Classes at Bellingham Technical College were in session Monday, Sept. 30, after college administrators reached tentative agreements with faculty and staff unions on new contracts.

The Bellingham Education Association, the college’s faculty union, declared a strike on Sept. 24, the first scheduled day of class at BTC, seeking cost-of-living pay increases, better defined workloads and protection against a strategic-enrollment monitoring system recently instituted by the college that teachers considered to be unreasonable surveillance.

Faculty members were joined by the college’s support staff union, the Bellingham Education Support Team, in their work stoppage. Although support staff was not officially on strike, they agreed to honor the faculty’s picket and did not work.

The new contracts are set to be fully ratified by the college’s board of trustees on Monday evening, after which details will be available on BTC’s website, according to the college.

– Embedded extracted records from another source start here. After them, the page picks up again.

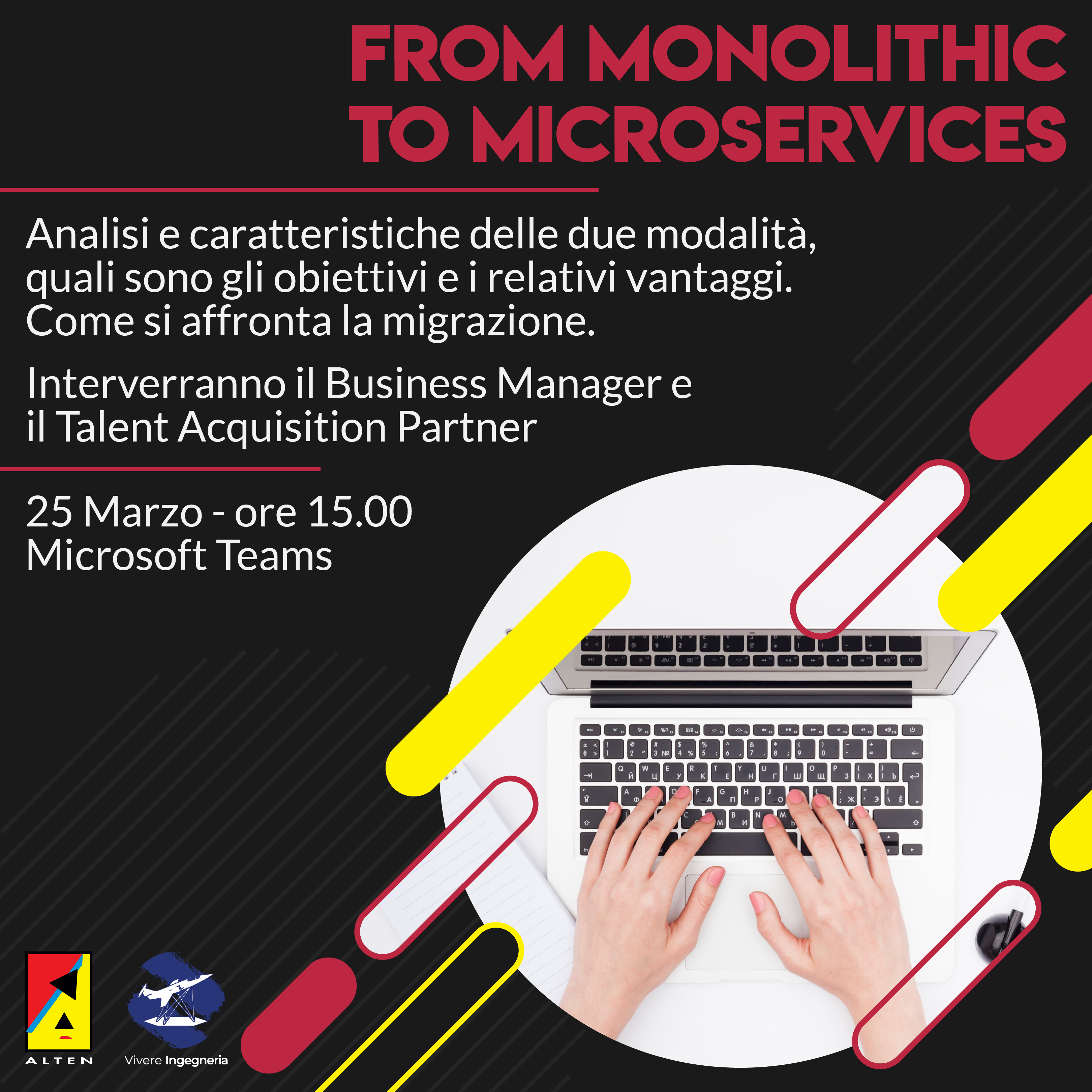 L’associazione studentesca Vivere Ingegneria è lieta di invitarvi al nuovo seminario “From Monolithic to Microservices“, in collaborazione con ALTEN Italia, filiale italiana del Gruppo ALTEN, leader europeo nella consulenza tecnologica avanzata in ambito ingegneristico e ICT.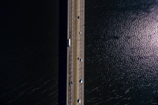 Aerial top view of bridge road automobile traffic of many cars, transportation concept. Drone photo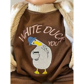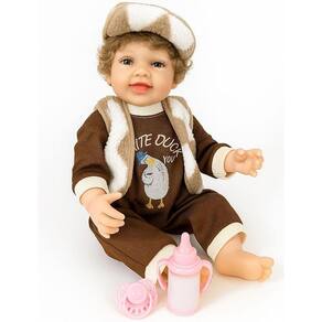 Encante-se com essa adorável boneca bebê realista, perfeita para presentear ou colecionar! Com aproximadamente 40cm de altura, ela possui traços detalhados, cabelo cacheado, olhos expressivos e um sorriso encantador. Vestida com um conjunto de inverno super fofo – macacão marrom com estampa de pato, colete de pelúcia e boina combinando – a boneca ainda acompanha mamadeira e chupeta rosa, tornando a brincadeira ainda mais completa e divertida.

BTC officials scrambled last week to find ways to help students unable to collect financial-aid disbursements, which by federal law cannot be awarded if class is not in session.

The BTC Foundation set up an emergency fund to award temporary grants to students on financial aid needing help with living expenses. The college’s financial aid office also offered letters for students to give to landlords or other relevant parties, explaining the situation and asking for leniency on timely payments.

Contract negotiations between the college and the unions had been going on for nearly a year. Mediators from the Washington State Public Employment Relations Commission  were brought in as the start of the new school year approached and agreements had yet to be reached.

Just hours after the faculty union declared its strike, BTC officials attempted to get an injunction from Whatcom County Superior Court to order teachers to return to work, arguing that the strike was illegal and hurt students. Court Commissioner Fred Heydrich agreed, but he refused to force faculty back to work, telling both sides to continue negotiations in good faith.

The strike was the first public-college faculty strike in Washington state since 1988, according to records from the Washington Education Association, which acts as a parent group to BTC’s faculty union.